How data is partitioned?

Hi,

I’m looking into how to organize my data to be used by an application.

https://github.com/solid/node-solid-server uses the file-system, making it simple to use because we all understand folder hierarchies; also we can define permissions, etc to them.

My question is:
Is the folder structure the primary way to partition data in a pod?

I guess that people will organize data differently as it happens in the Desktop. How applications maintain consistency?

What do you mean with that? Most people still use a folder structure on their desktop, no?

I mean that different people organize things at distinct locations with distinct names

I was referring to partitions as the datasets to which one defines permissions, policies etc. Perhaps a better name is container.

Related to how people may want to organise their data is how they explore and retrieve it. I put forward some thoughts here which might be of interest:

1 Like

Hi, I agree with those thoughts, in the real world people organize things in a myriad of ways, far beyond the file structure. I’m wondering what the basic unit that groups resources logically is.

How we define things like ‘music that Alice and Bob like’ to put those in an application (and add permissions etc.)

… what are those? Folders? Collections? Containers? Views? resource-spaces?

A user/developer can define them as files, path patterns or queries in a language the user/developer knows.

just wondering :slight_smile:

2 Likes

Containers , Containers, Containers. It’s the Containers. The spec is very clear that the logical relationship of containment is an organizational principle of Solid unrelated to how it is implemented (file system, database, whatever).

1 Like

In Solid, when you place X inside Y, you are not putting a file in a folder or a row in a database, you are adding a triple <Y> ldp:contains <X>.

2 Likes

Direct and Indirect containment are not supported. There aren’t any immediate plans to do so at this time. Per the Solid Protocol - Storage:

Solid has the notion of containers to represent a collection of linked resources to help with resource discovery and lifecycle management.

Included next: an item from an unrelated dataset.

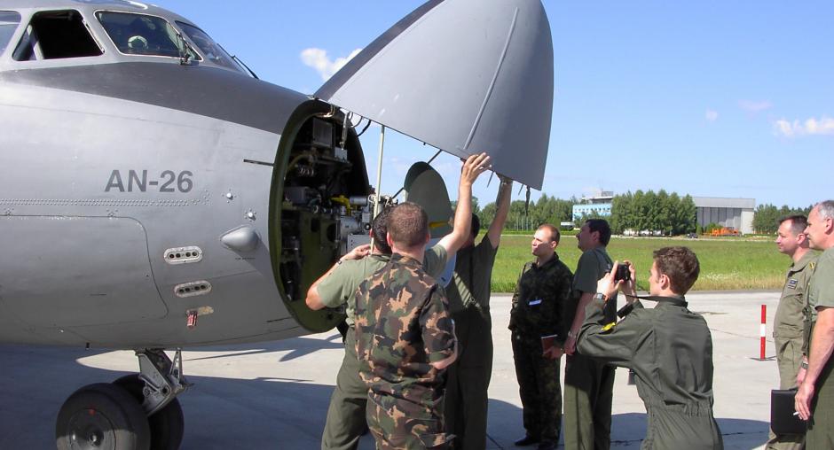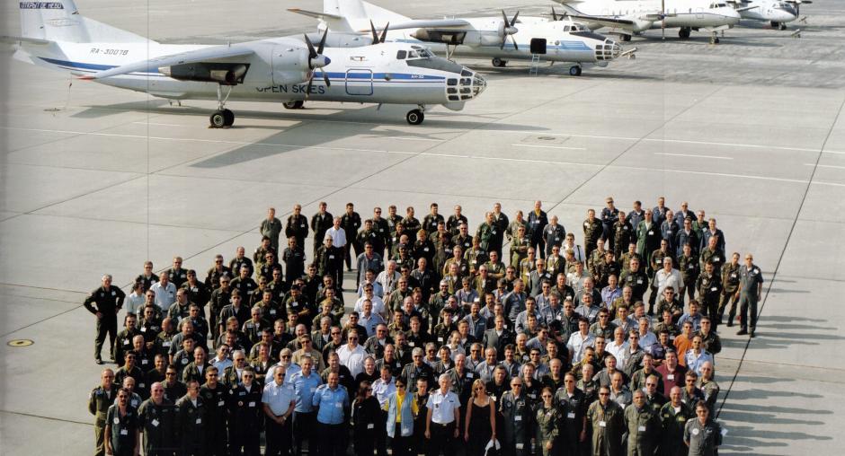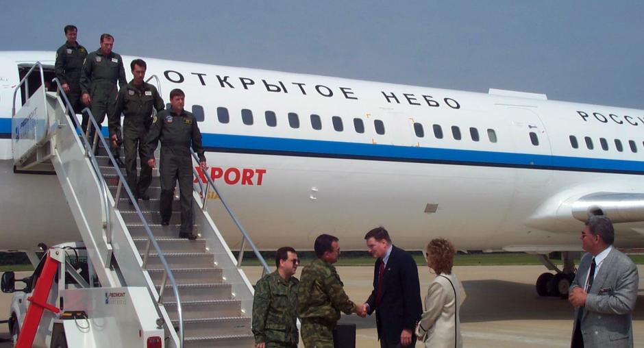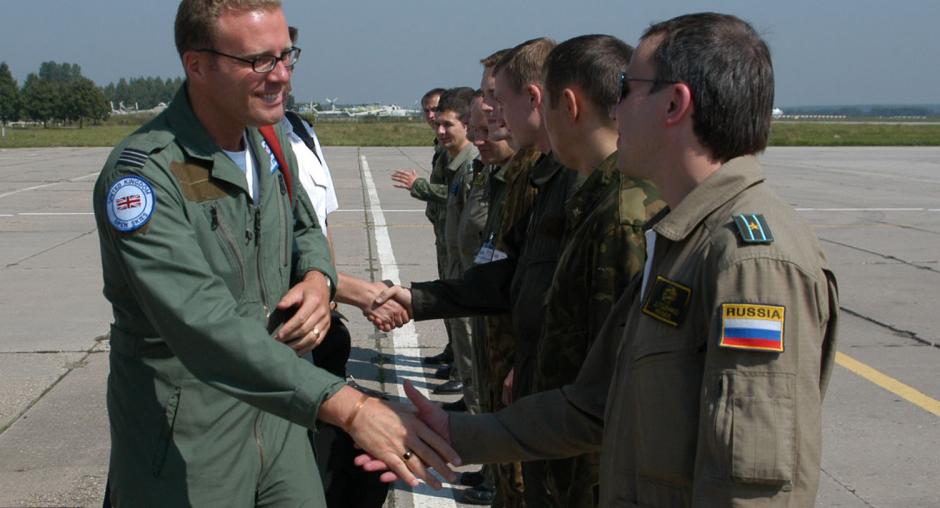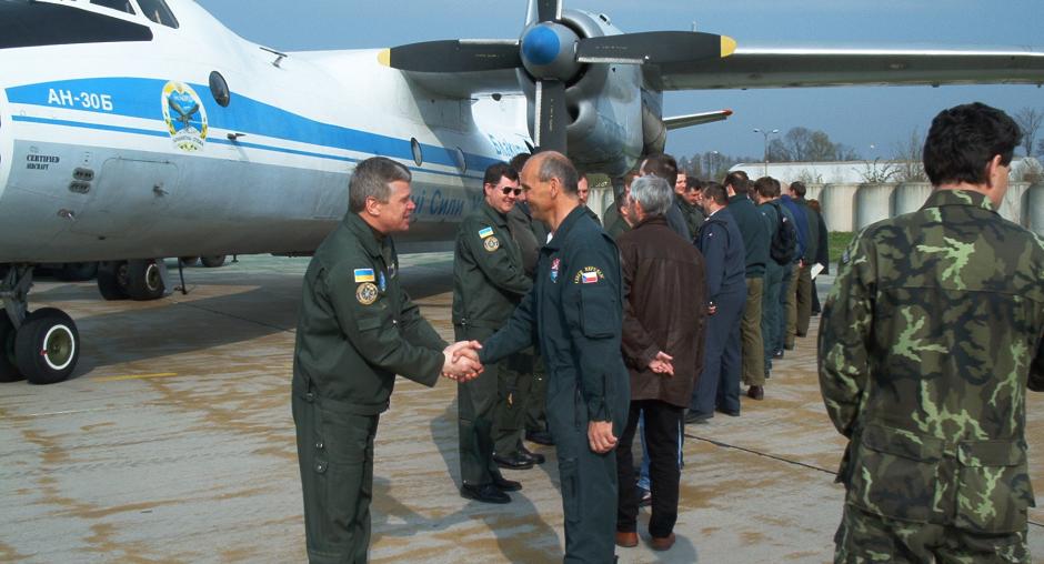 Ukrainian military personnel greeted by their Czech counterparts after a flight over the Czech Republic, April 2003, under the Open Skies Treaty, which establishes a regime of unarmed aerial observation flights over the territory of its 34 signatories. (OSCE)

There is a 1-1 correspondence between containment triples and relative reference within the path name hierarchy. [Source]. It follows that all resources are discoverable from a container and that it is not possible to create orphan resources. [Source]

The representation and behaviour of containers in Solid corresponds to LDP Basic Container and MUST be supported.

Probably worth adding that containers provide limited semantic information about their content, so e.g. contacts should be stored in an address book, not just in a container. While a human can guess that the contacts form an address book, a computer cannot/should not.

For similar reasons, data discovery should be by registration not by selecting a container in which the human knows the data is stored.
The role of containers is really just for logical separation, not to express semantic relationships.

2 Likes

Absolutely right. It’s worth noting that aside from server-managed containment triples, a container is just another RDF resource, which can house that semantic information.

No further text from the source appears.